Problem details – Drop the pictures and extract exactly the lines from the one that contains "本文關(guān)于62式輕型坦克的簡介就講解完畢,希望對大家有所幫助。" through the end of the material.

Information supplied –
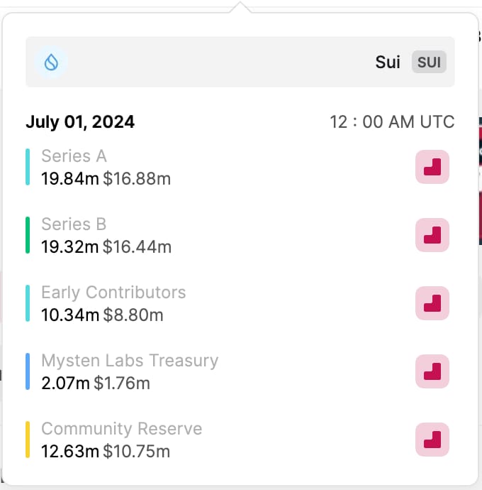 Detalle a detalle, el 1 de julio, el protocolo liberó 64,20 millones de SUI para los inversores privados, el equipo de desarrollo y la tesorería de Mysten Labs. Esencialmente, los inversores privados recibirán 39,16 millones de SUI, lo que representa más del 60% del valor total de 54,63 millones de dólares a liberar.
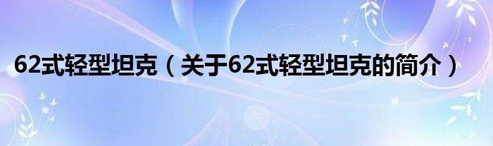 本文關(guān)于62式輕型坦克的簡介就講解完畢,希望對大家有所幫助。
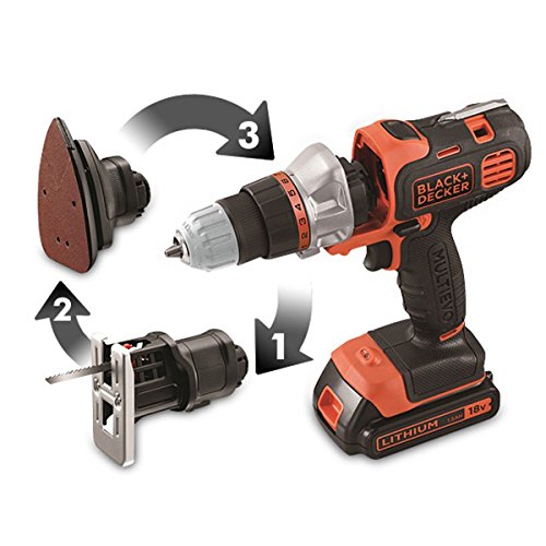 ブラックアンドデッカー(BLACK+DECKER) マルチツール 18V EVO183B1 ドリルドライバー・ジグソー・サンダーのヘッドアタッチメント、ビット11種、バッテリー×2、専用キットボックス付きの製品情報

Completed exercise –
 本文關(guān)于62式輕型坦克的簡介就講解完畢,希望對大家有所幫助。
 ブラックアンドデッカー(BLACK+DECKER) マルチツール 18V EVO183B1 ドリルドライバー・ジグソー・サンダーのヘッドアタッチメント、ビット11種、バッテリー×2、専用キットボックス付きの製品情報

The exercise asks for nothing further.